The Great Bridge was heavily congested that morning. It was a Wednesday, and traders from the surrounding villages streamed
towards the Market Square to sell their wares – sacks of grain and flour, noisy livestock, brown eggs
wrapped in straw, winter vegetables past their best, and rough baskets and mats woven from Fenland reeds. Agitated whinnies,
baleful lows and furious honks and hisses expressed what the animals thought of the tightly packed, heaving throng that jostled
and shoved to cross the river.

It was not just farmers in homespun browns or brightly clad merchants who wanted access to the town that day. The sober hues
of academic tabards and monastic habits – the blacks, browns and whites of Dominicans, Carmelites, Franciscans and the occasional
Benedictine – were present, too. Scholars from Michaelhouse, Valence Marie, Bene’t College and countless other institutions
were pouring out of Merton Hall to join the press, all anxious to be home in time for their midday meal.

As people pushed in their haste to be across the bridge, the crush intensified. A pair of tinkers with handcarts became jammed
at the narrow entrance, and their irritable altercation was soon joined by others, who just wanted them to shut up and move
on. Bartholomew watched the unfolding scene uneasily. The Great Bridge was not the most stable structure in the town, and
collapses were not unknown. It was in desperate need of renovation, and he wished the burgesses would stop discussing how
expensive it would be and just mend the thing.

‘We will be late,’ said Michael loudly, annoyed by the delay. ‘And Gonville Hall might start eating without us.’

‘The bridge should not be subjected to this level of strain,’ said Bartholomew. His attention was fixed on the central arch,
which he was certain was bowing under the weight of a brewer’s dray and its heavy barrels of ale. ‘It is not strong enough.’

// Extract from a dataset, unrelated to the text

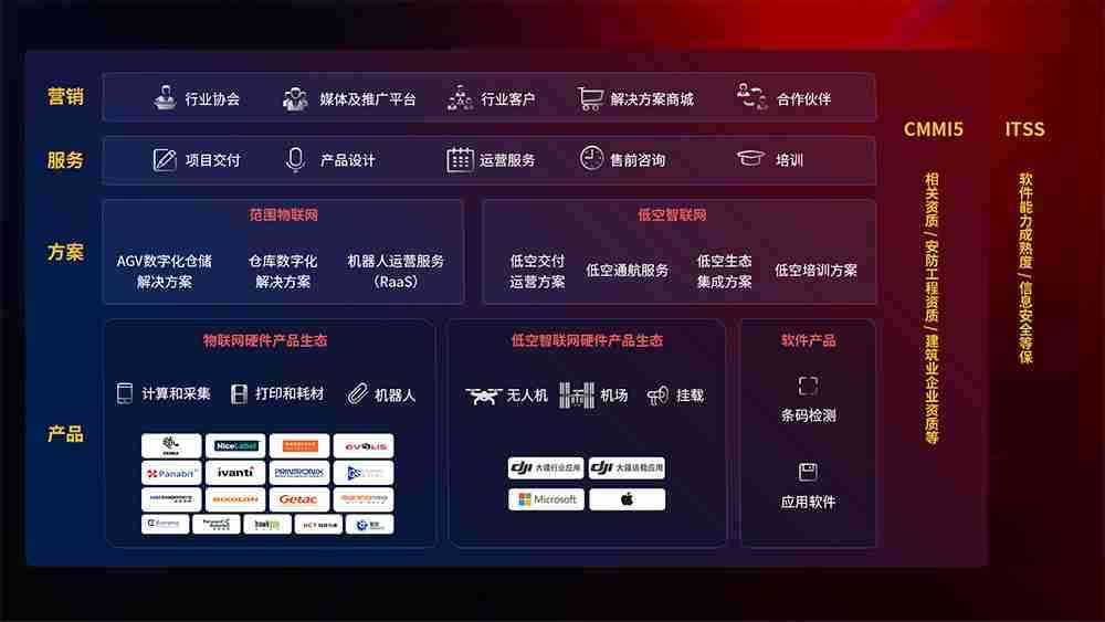 聚合国内外先进的物联网硬件产品品牌,,,聚焦数字化仓储、、机器人运营、、、低空智联网等领域,,,共同打造适合客户业务场景的解决方案并提供交付服务

‘Rougham told me that the meal at Gonville today will cost a
whole
groat for each person,’ fretted Michael, thinking about what he stood to lose if they took much longer to cross. ‘He says
there is a side of beef to be shared between
just ten of us, not to mention roast duck, fat bacon and half a dozen chickens.
And
there will be Lombard slices to finish.’

‘Did you see that?’ exclaimed Bartholomew, pointing in alarm. ‘A spar just dropped from the left-hand arch and fell into the
water!’

‘One of the carts knocked it off,’ said Michael dismissively. He reconsidered uneasily. ‘However, if it is going to tumble
down, I hope it does not do so until we are over. I do not want to walk all the way around to the Small Bridges in order to
reach Gonville. There will be nothing left to eat by the time we get there.’